On the other hand, the scheme provided by the invention comprises a dynamic data leakage detection rule for defining the boundary between data security and the risk of data leakage. When the data leakage detection rule is adjusted or the data is offline, an administrator can flexibly and efficiently adjust or eliminate the influence of the data protection measures on the data of the target equipment by adjusting the data protection logic, the offline risk is extremely low, and the flexibility of data protection is improved. In addition, for the enterprise system, the invention can avoid the huge risk that the business and resource system of the enterprise is hijacked by the document and disk-level encryption and decryption system, and reduce the cost of adjusting the data protection strategy of the enterprise while ensuring the data security degree.

According to the method described in the above embodiments, examples are described in further detail below.

The embodiment of the application will be described by taking the example of integrating the data protection method on the terminal.

In one embodiment, as shown in fig. 5, a data protection method specifically includes the following steps:

201. The terminal acquires device data of the terminal and a data protection configuration file, wherein the data protection configuration file indicates data to be protected.

For example, the terminal may be a personal terminal or an enterprise configured terminal having enterprise data stored thereon.

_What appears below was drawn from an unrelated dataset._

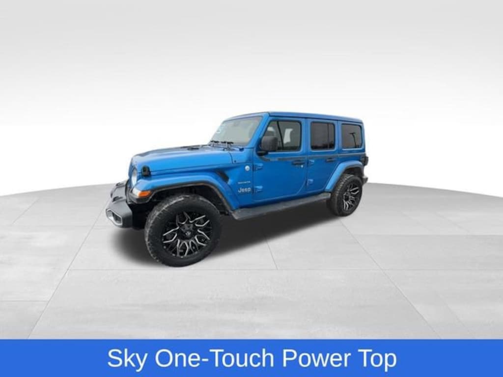 CarBravo Certified, 4WD, Sky One-Touch Power Top, Backup Camera, Remote Start, Forward Collision Alert, Side Blind Zone Alert, Rear Park Assist, Adaptive Cruise Control, Heated Seats, Heated Steering Wheel, Apple CarPlay, Aluminum Wheels, Carfax Buyback Guarantee, Wrangler Sahara, 4D Sport Utility, 2.0L I4 DOHC, 8-Speed Automatic, 4WD, Hydro Blue Pearlcoat, Black w/Cloth Low-Back Bucket Seats, 3.45 Overall Top Gear Ratio, 4-Wheel Disc Brakes, 9 Speakers, ABS brakes, Advanced Brake Assist, Advanced Safety Group, Air Conditioning, Alloy wheels, AM/FM radio: SiriusXM, Apple CarPlay/Android Auto, Auto High Beam Headlamp Control, Auto-dimming Rear-View mirror, Automatic temperature control, Blind Spot & Cross Path Detection, Brake assist, Cloth Low-Back Bucket Seats, Cold Weather Group, Compass, Driver door bin, Driver vanity mirror, Dual front impact airbags, Dual front side impact airbags, Electronic Stability Control, Emergency communication system: SiriusXM Guardian, Front anti-roll bar, Front Center Armrest w/Storage, Front dual zone A/C, Front fog lights, Front reading lights, Full Speed Forward Collision Warning Plus, Fully automatic headlights, Garage door transmitter, Heated door mirrors, Heated Front Seats, Heated Steering Wheel, Heavy Duty Suspension w/Gas Shocks, Illuminated entry, Integrated roll-over protection, Low tire pressure warning, Navigation System, Occupant sensing airbag, Outside temperature display, ParkSense Rear Park Assist System, ParkView Rear Back-Up Camera, Passenger door bin, Passenger vanity mirror, Power door mirrors, Power Top Quarter Window Storage Bag, Quick Order Package 22G Sahara, Radio data system, Radio: Uconnect 4C Nav w/8.4 Display, Rear anti-roll bar, Rear reading lights, Remote keyless entry, Remote Start System, Removable Rear Quarter Windows, Safety Group, Security system, Sky 1-Touch Power Top, Speed control, Split folding rear seat, Steering wheel mounted audio controls, Stop-Start Dual Battery System, Tachometer, Telescoping steering wheel, Tilt steering wheel, Traction control, Trip computer, Variably intermittent wipers, Voltmeter. 2023 Jeep Wrangler Hydro Blue Pearlcoat Sahara 4D Sport Utility 4WD 8-Speed Automatic 21/24 City/Highway MPG 2.0L I4 DOHC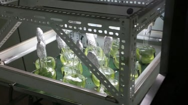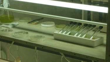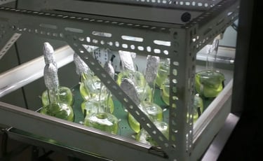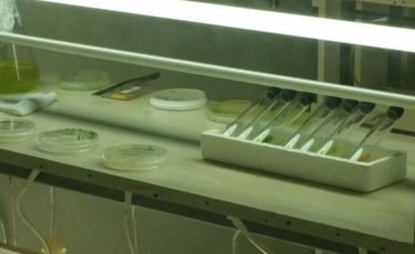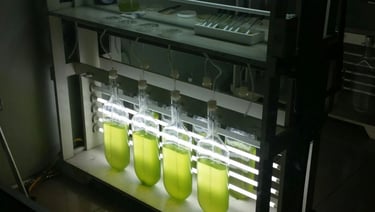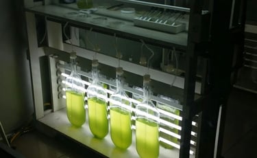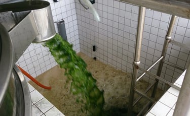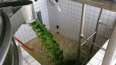 After 2 weeks, the Cryptomonadales solution is moved into a bigger pond. The PH is maintained at PH 6.8 - PH 7.2. When the OD of the solution concentration reaches 10, it is moved to a large pond. The PH (PH 6.8 - PH 7.2) and nutrients is adjusted and tested.

202. And the terminal performs identification processing on the device data based on the data protection configuration file to obtain target device data to be protected.

For example, for an enterprise, it is necessary to identify and protect enterprise data in a terminal.

For example, screen shots or screen recordings on the terminal may be continuously detected. The pictures and audio-video files generated by the screen capturing or recording operation may be enterprise data.

As another example, device data in the terminal may be scanned. When the file name or content of the device data is scanned, the device data may be enterprise data.

As another example, device data in the terminal may be scanned. The device data may be enterprise data when scanned for file types or storage paths hit file types or directory paths in the protected data feature information.

For another example, directories and files operated by trusted applications that can successfully access enterprise resources through a zero trust network are enterprise data.

The application of data is listed as an object of key detection by successfully accessing the enterprise business system through the zero trust network. The files (touch files) read and written by the application process and its derivative sub-processes are considered enterprise data.

The above 4 methods are configured by the management end in a combined way, can flexibly execute various combinations, and can be set by one or all of the methods. Based on the extent to which the enterprise is directed to data management. If none of the 4 items are configured, then the enterprise may be considered to turn off the data protection function.

203. The terminal performs change detection on the target device data to obtain data change history information aiming at the target device data, wherein the data change history information comprises at least one history change operation information.

204. And the terminal determines at least one data leakage detection rule and a data protection rule corresponding to the data leakage detection rule according to the at least one historical variation operation information.

205. And the terminal performs data leakage detection on the target equipment data according to at least one data leakage detection rule to obtain a detection result.

For example, the data leakage boundary condition of the data leakage detection rule may be: if a user accessing enterprise data switches, there may be a risk of data leakage. For example, a user logging into a zero trust network is switched from user a to user B, and there may be a risk of data leakage.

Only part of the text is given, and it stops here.